Northern blotting - gel preparation and treatment(Northern杂交-凝胶制备及处理)

RNA is separated under denaturing conditions; the principal systems currently in use are the glyoxal/dimethylsulphoxide and the formaldehyde/formamide procedures. This protocol restricts itself to the latter. Successful Northern analysis depends on the quality of the reagents used as well as having pure un-degraded RNA samples.

Avoid any contamination with RNases, use sterile disposable plastics wherever possible. Glassware may be treated by baking at 180°C overnight or incubating in 0.2%(v/v) diethylpyrocarbonate (DEPC) followed by autoclaving or baking. Some plastics are also suitable for DEPC treatment.

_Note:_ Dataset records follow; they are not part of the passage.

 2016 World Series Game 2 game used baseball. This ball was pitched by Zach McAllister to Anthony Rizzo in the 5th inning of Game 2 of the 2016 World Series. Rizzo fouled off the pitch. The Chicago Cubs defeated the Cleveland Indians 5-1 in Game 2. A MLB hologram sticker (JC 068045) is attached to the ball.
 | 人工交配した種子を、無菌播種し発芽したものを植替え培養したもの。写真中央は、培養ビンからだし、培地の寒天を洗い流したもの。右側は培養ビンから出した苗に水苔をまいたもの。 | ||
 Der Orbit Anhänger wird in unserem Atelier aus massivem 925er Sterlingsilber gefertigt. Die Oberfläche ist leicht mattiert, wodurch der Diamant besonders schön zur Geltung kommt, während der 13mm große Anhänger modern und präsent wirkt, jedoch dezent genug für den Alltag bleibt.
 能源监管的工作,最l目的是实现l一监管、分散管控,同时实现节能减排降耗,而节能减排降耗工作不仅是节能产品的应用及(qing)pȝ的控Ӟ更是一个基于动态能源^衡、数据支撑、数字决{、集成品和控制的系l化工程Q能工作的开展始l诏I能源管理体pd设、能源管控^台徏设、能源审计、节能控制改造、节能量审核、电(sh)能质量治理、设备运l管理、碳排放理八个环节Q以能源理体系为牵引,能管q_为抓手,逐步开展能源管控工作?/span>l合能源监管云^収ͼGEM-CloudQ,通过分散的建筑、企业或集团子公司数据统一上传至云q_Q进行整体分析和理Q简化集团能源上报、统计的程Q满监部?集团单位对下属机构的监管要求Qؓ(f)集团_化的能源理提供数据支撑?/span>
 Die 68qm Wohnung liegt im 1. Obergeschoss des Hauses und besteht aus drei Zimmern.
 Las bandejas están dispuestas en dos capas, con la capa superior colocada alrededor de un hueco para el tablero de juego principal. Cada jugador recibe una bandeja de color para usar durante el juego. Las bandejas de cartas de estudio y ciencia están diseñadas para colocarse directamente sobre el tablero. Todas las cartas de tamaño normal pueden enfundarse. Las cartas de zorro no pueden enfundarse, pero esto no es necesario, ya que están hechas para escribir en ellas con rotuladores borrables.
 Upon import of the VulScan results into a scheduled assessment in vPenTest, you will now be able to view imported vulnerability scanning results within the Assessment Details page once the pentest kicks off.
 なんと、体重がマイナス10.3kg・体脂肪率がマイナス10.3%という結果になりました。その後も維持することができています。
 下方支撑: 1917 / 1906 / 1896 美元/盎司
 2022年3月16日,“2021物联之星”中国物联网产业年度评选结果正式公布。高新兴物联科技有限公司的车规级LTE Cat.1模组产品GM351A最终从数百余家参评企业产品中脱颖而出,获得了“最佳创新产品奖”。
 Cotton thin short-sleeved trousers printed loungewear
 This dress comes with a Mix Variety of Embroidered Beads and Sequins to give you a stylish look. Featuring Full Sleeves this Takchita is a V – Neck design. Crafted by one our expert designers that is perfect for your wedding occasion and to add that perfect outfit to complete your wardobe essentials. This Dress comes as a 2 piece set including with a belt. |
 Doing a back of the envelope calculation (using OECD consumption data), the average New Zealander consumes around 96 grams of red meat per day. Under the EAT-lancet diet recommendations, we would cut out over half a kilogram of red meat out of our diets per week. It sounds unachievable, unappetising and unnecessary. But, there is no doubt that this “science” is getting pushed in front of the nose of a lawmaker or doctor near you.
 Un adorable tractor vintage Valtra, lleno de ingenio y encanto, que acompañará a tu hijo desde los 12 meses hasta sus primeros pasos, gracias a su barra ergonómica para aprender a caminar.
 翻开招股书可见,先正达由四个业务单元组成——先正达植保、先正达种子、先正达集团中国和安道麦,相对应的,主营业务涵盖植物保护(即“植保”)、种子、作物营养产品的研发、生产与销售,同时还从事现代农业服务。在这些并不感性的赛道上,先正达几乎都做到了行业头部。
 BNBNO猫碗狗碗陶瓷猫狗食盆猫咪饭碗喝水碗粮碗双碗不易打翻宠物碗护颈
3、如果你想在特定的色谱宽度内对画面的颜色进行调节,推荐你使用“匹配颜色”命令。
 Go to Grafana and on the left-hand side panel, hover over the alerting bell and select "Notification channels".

Formaldehyde/formamide protocol

1)Prepare the MOPS/formaldehyde gel as follows: Preheat 17.5ml of formaldehyde and 30ml 10x MOPS buffer at 55°C.Dissolve 3 - 4.5g of agarose in 250ml of nuclease free water.Cool to 55°C. Add the 10x MOPS buffer and formaldehyde.Cast the gel in an appropriate enclosure and allow the gel to set.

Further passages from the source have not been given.